The film focuses on the plights of three women in particular, who have all committed 'crimes' of varying nature but who are all punished by being sent to the Magdalene laundry for an indefinite period of time. One girl, Rose, commits the greatest crime having a child out of wedlock, which neither of her parents will even look at. Interestingly, she had the child because an abortion would have been a sin. Bernadette makes the mortal mistake of flirting with boys outside the orphanage she lived in, and Margaret is raped at a family gathering by a cousin, only to be shipped off herself when she reports it to family members.

At the Magdalene laundry, the girls are subjected to psychological abuse and endless physical toil, all under the old theory that it will cleanse their souls. Some of the women that the three girls in question encounter as they enter the laundry have been there for decades, and they eventually figure out that the only way that they are ever going to get out of there is to escape. Bernadette is especially aware of this, and makes increasing efforts to escape, for which she is brutally punished.

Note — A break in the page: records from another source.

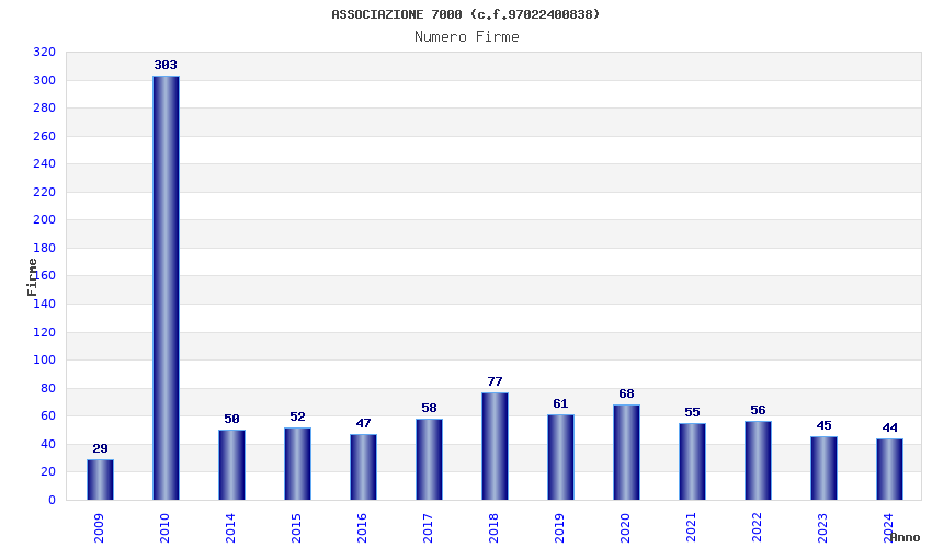 | Anno | Firme | Importi | Media | Naz. | Reg. | Prov. | Comu. |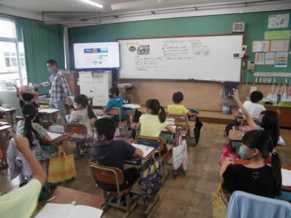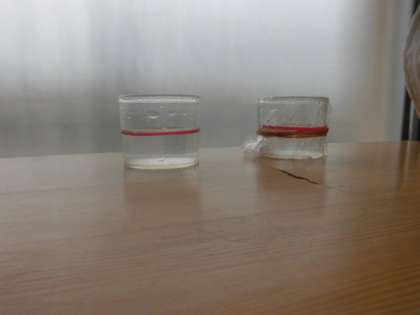 最近,雨が降る日が増えたように感じます。理科では,ちょうど雨水について学習しているので,水たまりにも興味をもって観察しています。水は高いところから低いところへ流れてたまることや水の流れは地面の傾きが関係していることを学習してきました。今日は,空気中に水が出ていくのか実験することにしました。カップに同じ量の水をためて,片方にラップでふたをしました。数日後に結果が分かるので,楽しみです。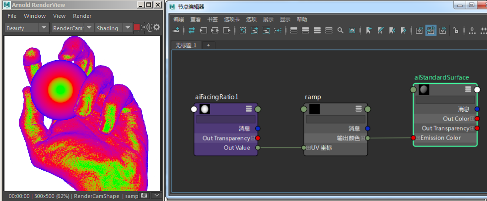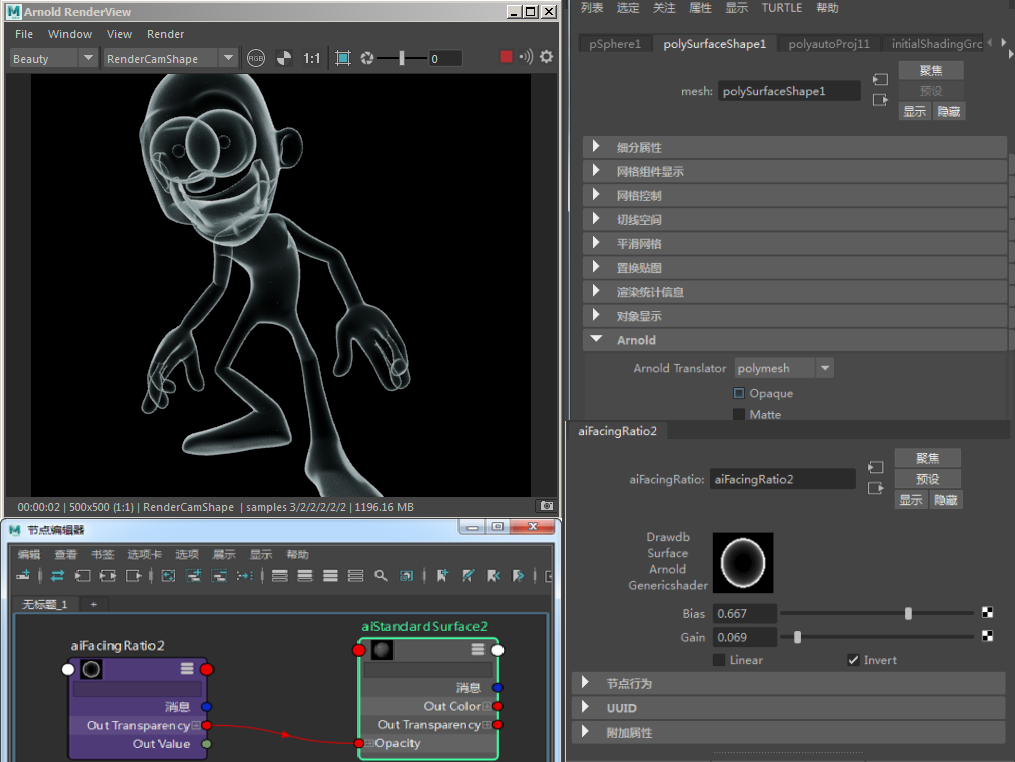 facing ratio 连接到 standard_surface 着色器的 opacity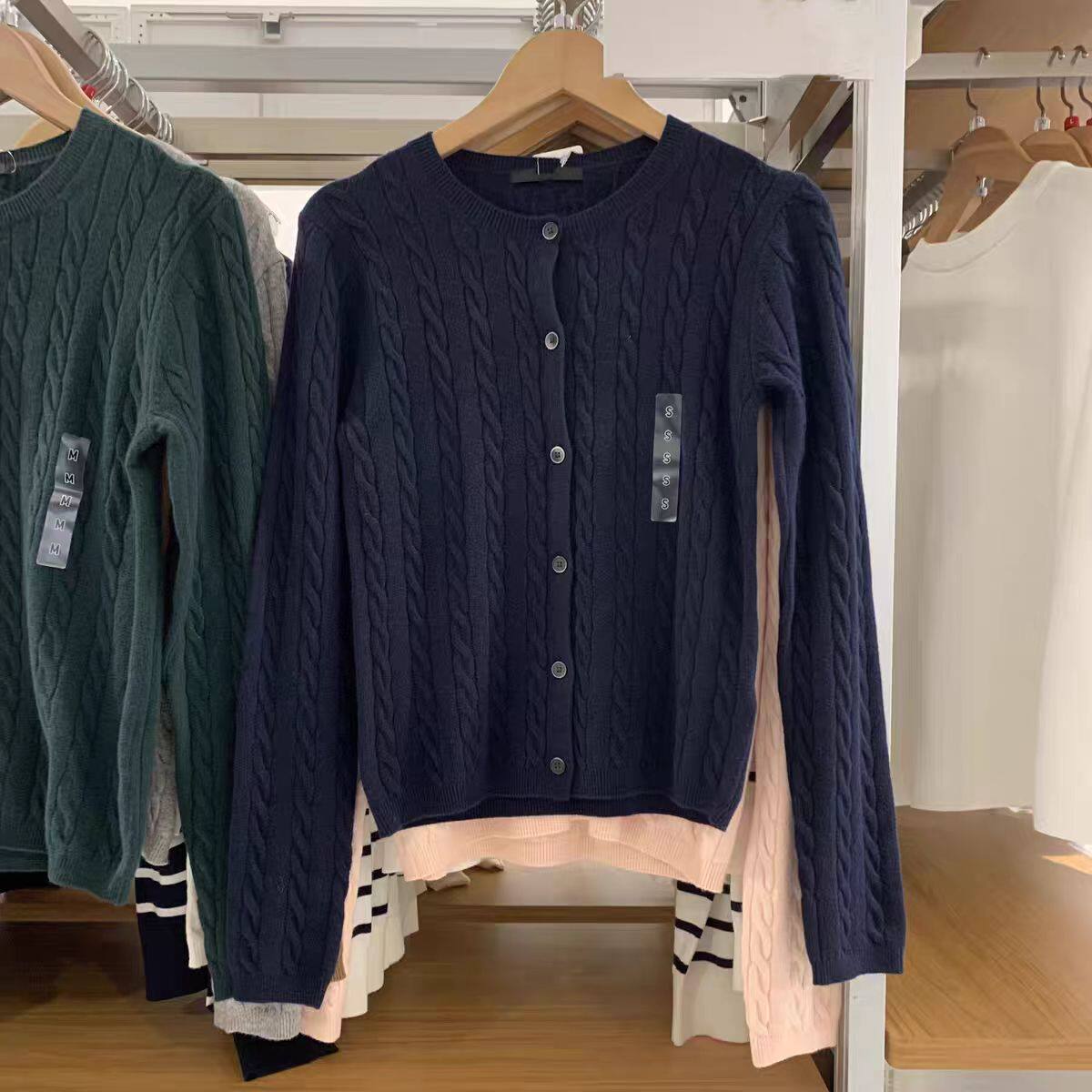 📚 2026春季新品女装纽花圆领针织开衫/毛衣毛衫外套481477 488123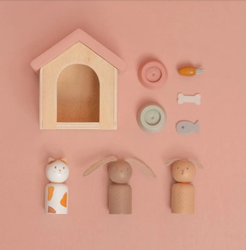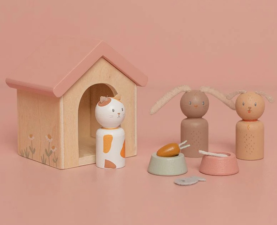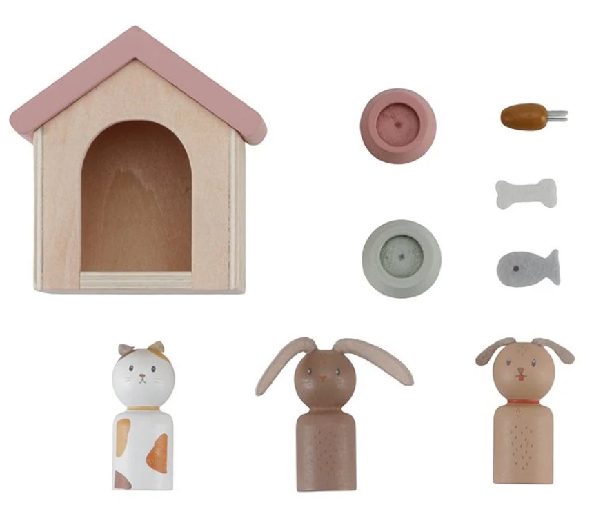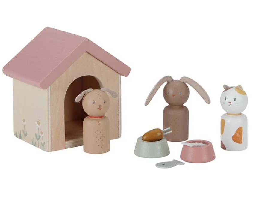 Breng het Little Dutch poppenhuis tot leven met de aanvulset huisdieren! Verwelkom een braaf hondje, een schattig konijntje en een lieve kat in je poppenfamilie. Geef ze een warm mandje, voederbakjes en speeltjes om mee te spelen. Zorg voor onvergetelijke avonturen en knuffelmomenten met deze betoverende huisdieren en hun bijpassende toebehoren. Het poppenhuis wordt een echte beestenboel!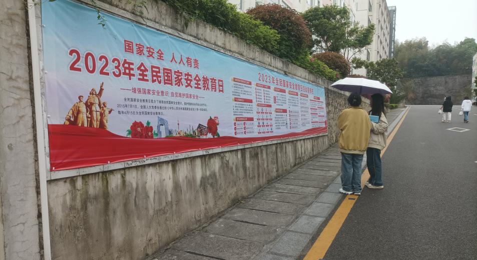 四、4月12日,制作了7块全民国家安全教育日宣传展板,在大数据楼前主干道路进行展出,更新了宿舍区宣传栏内容,供过往师生浏览。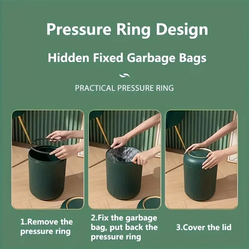ゴミ箱 ダストボックス 円柱型 蓋付き プッシュ式 モダン おしゃれ シンプル インテリア 北欧 袋が見えない 隠せる ホワイト ゴールドアクセント プラスチック 9.5L 22.5×31.5cm | Calm+(カームプラス) - 北欧風ナチュラルインテリア・モダン家具専門店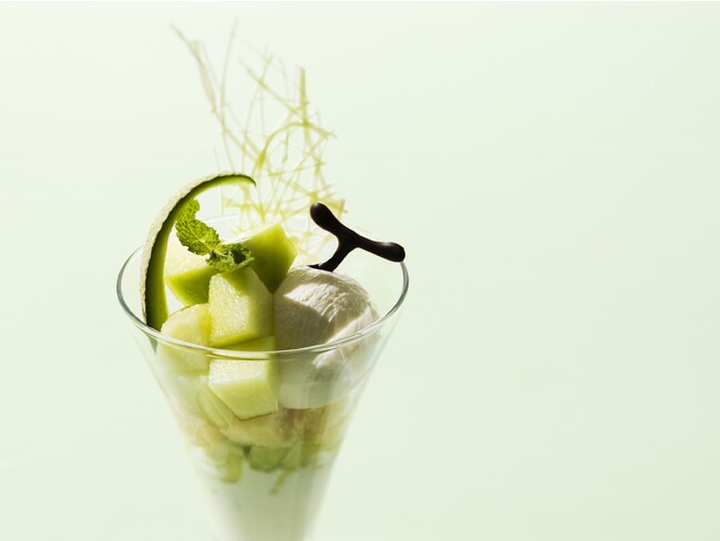 メロンの甘い果肉と杏仁豆腐を合わせた夏らしいパフェ。
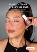 - Gently dab the blush into cheeks and blend out with fingers or AOA wonder blender sponge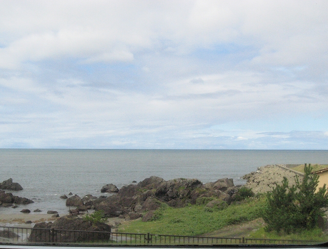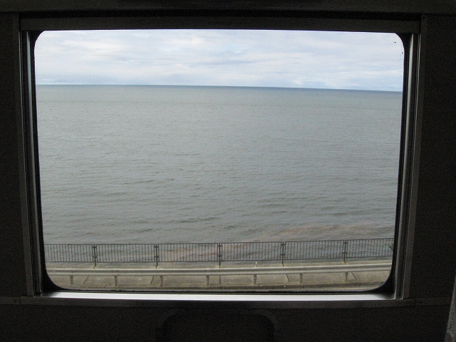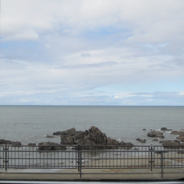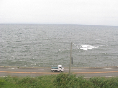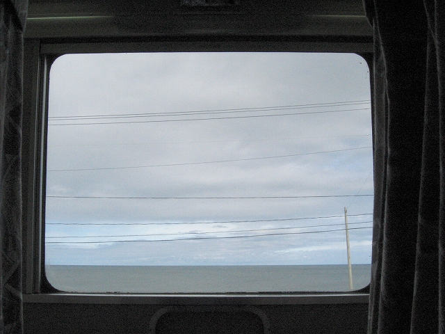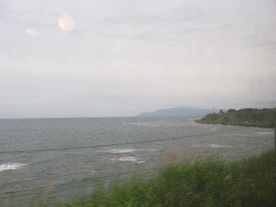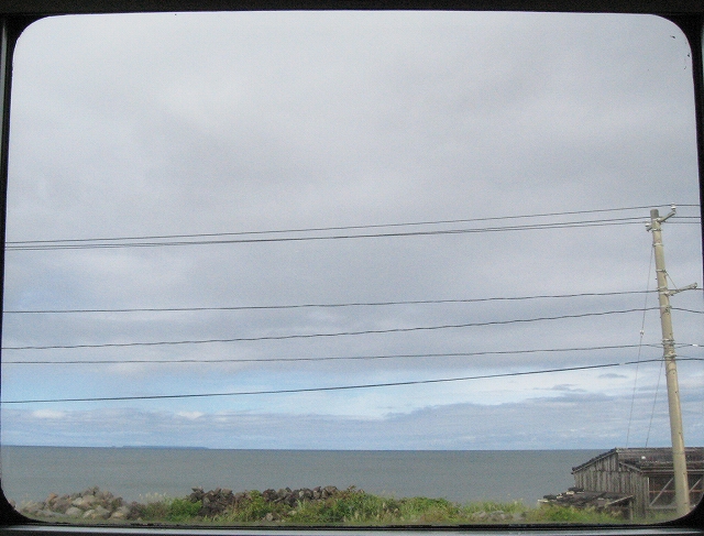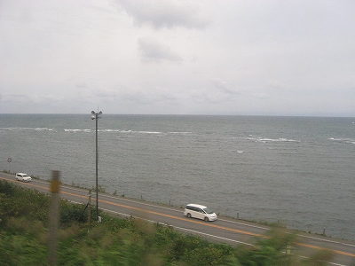 その後昼下がりに寝台列車にいながらにして鳥海山の麓、遊佐の奇岩ある絶景に出遭い、はっと目が覚めるようだった。窓辺の席に移動しつつ、まっ平らな飛島を不思議そうに観察する。けれどほとんどの時間は寝台のカーテンを引きまわしてひき篭っていた。それで予定の立て直しも終わった。もう今はすっかり諦めて、針葉樹や穀倉地帯を眺めつつ向うに足を伸ばしたり、好きなだけごろんと寝たり。途中放送があり、「青森にはこのまま順調に往けば14時半ごろの到着になる見込みです」というので、おどけて失笑を漏らしてみたり。しかし完走してくれないこともあると後で知り、これは御の字だったようだ。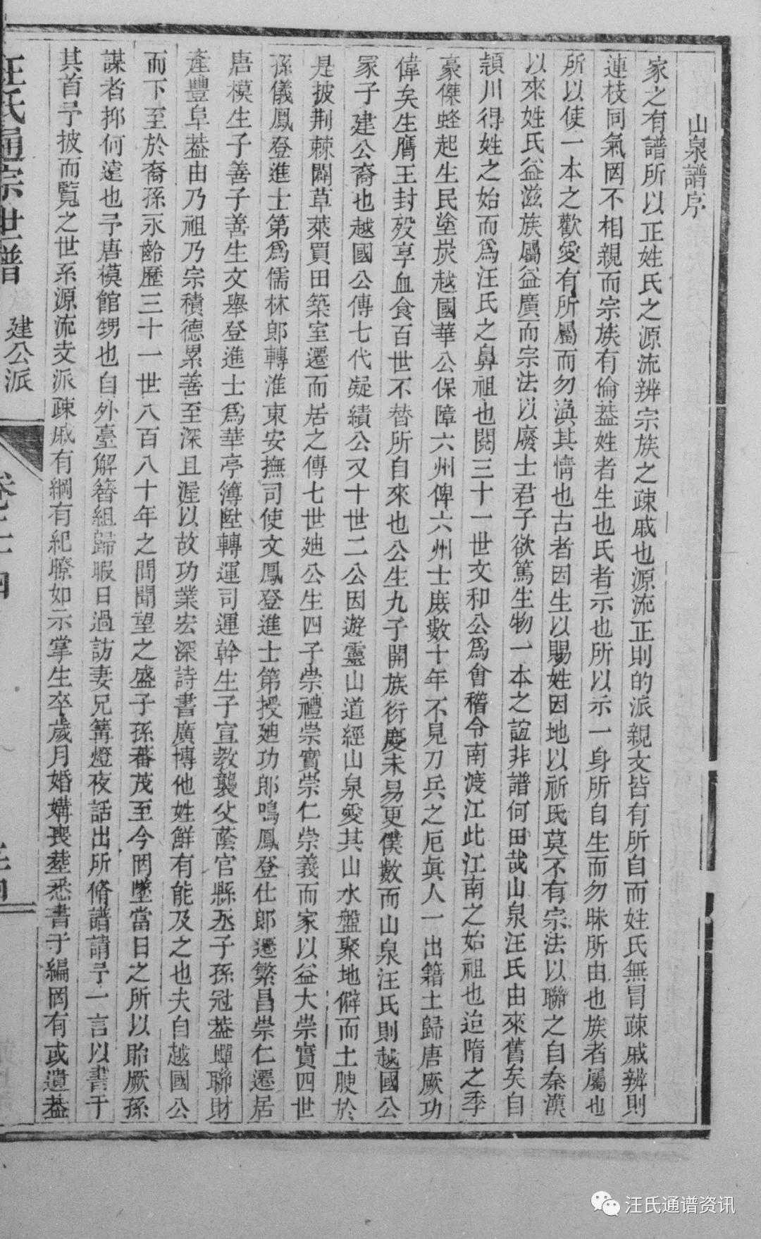 山泉汪氏,由來舊矣。自潁川得姓之始,而為汪氏之鼻祖也。閱三十一世,文和公為會稽令,南渡江,此江南之始祖也。迨隋之季,豪傑蜂起,生民塗炭,越國華公保障六州,俾六州士庶數十年不見刀兵之厄。真人一出,籍土歸唐,厥功偉矣!生膺王封,歿享血食,百世不替,所自來也。公生九子,開族衍慶,未易更僕数。而山泉汪氏,則越國公冢子建公裔也。越國公傳七代凝績公,又十世二公,因遊靈山,道經山泉,愛其山水盤聚,地僻而土腴,於是披荆棘,闢草莱,買田築室,遷而居之。傳七世廸公,生四子崇禮、崇實、崇仁、崇義,而家以益大。崇實四世孫儀鳳,登進士第,為儒林郎,轉淮東安撫司使;文鳳,登進士第,授迪功郎;鳴鳳,登仕郎,遷繁昌。崇仁遷居唐模,生子善。子善生文舉,登進士,為華亭簿,陞轉運司運幹。生子宣教,襲父蔭,官縣丞。子孫冠蓋蟬聯,財產豐阜,蓋由乃祖乃宗積德累善至深且渥,以故功業宏深,詩書廣博,他姓鮮有能及之也。夫自越國公而下,至於裔孫永齡,歷三十一世,八百八十年之間,聞望之盛,子孫蕃茂,至今罔墜。當日之所以貽厥孫謀者,抑何遠也!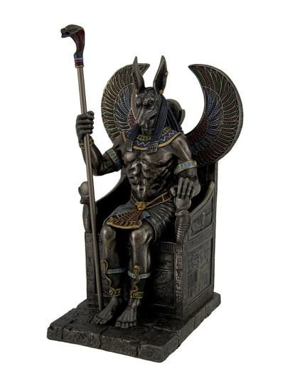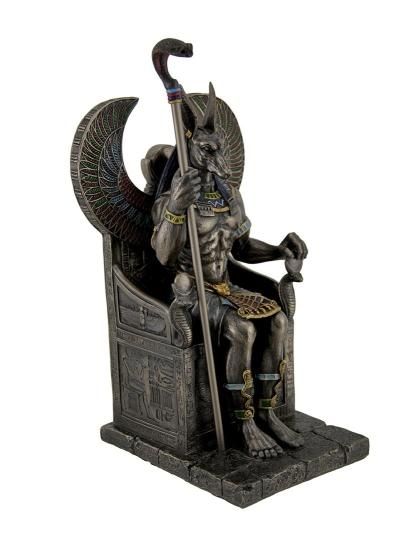 玉座に座る 古代エジプトの神 アヌビス神 彫像/Egyptian God Anubis Sitting in Throne Statue品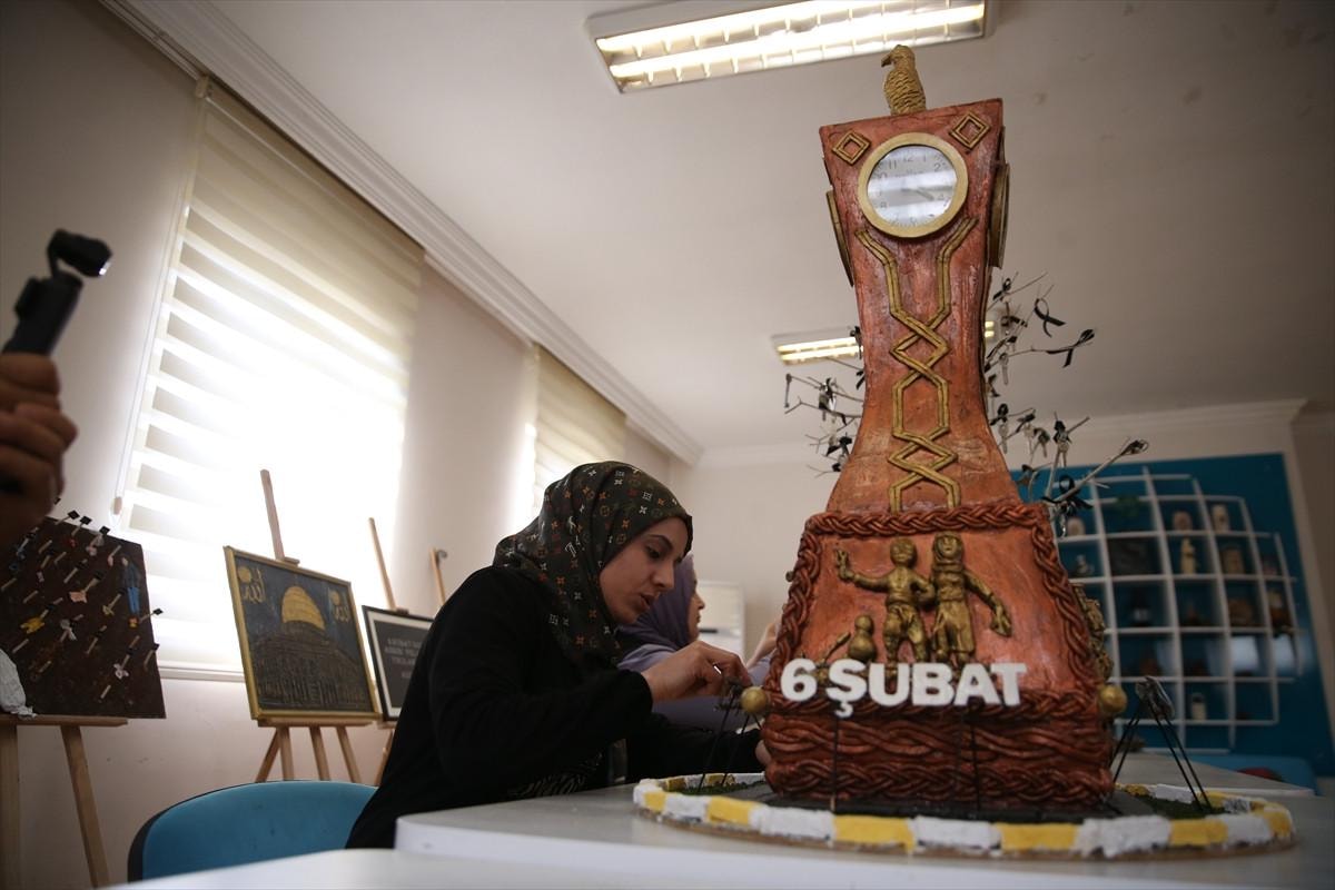 Kursiyerler, 46 yıl önce inşa edilen ve "Asrın Felaketi" olarak anılan Kahramanmaraş merkezli depremlerde saat 04.17'de durarak şehrin simgesi haline gelen saat kulesinin maketini atık malzemeler kullanarak üretiyor. El emeğiyle hazırlanan bu minyatürler, çeşitli kurum ve kuruluşlara gönderiliyor ve kente gelen misafirlere hediye ediliyor.

I am genuinely curious to know what path of logic leads people to believe that such practices in the name of religion can have any beneficial value. The Taliban has taken religious torture to its extreme, debasing themselves and their religion by performing unbelievably inhuman acts in the name of their God, and it appears that, while certainly not on the same level of cruelty, the Catholic Church has performed similar crimes against humanity. That the Catholic Church in Ireland promptly condemned the film is not surprising, but if such things are being committed under its name (and indeed continued being committed well into the late 1990s), I should think that the Church would at least allow the film to be shown so that people would be aware of such abuses, which tarnish the reputation of the Church. I believe that it would have been possible for the Church to defend its own validity while at the same time acknowledging abuses committed in its name, especially if the accusations of cruelty were untrue, although in this case they were not. Running, however, only makes you look guilty.

The Magdalene laundry is presided over by a nun who is simply evil. She is an elderly lady and generally soft-spoken, but this woman makes the wicked witch of the west look like a prancing schoolgirl. The viciousness of the rest of the Sisters of Mercy radiates off of this woman like some kind of sinister force, delicately but successfully walking the line between illustrating the harshness of a brutal religious regime and creating a movie monster. Her character is human, but she's not far from being a monster.

It's disheartening to see the things that people do in the name of religion, especially when the crimes are something as little as behaving like a normal person. There are natural and perfectly healthy behaviors that unfortunately are violations of arbitrary religious laws, which are subsequently punished with outlandish punishments like those seen in this movie. Religion is thrown into reverse, causing pain and suffering rather than offering an escape from it, shown in a modern setting that is so backwards that it could just as easily have taken place in the 1600s.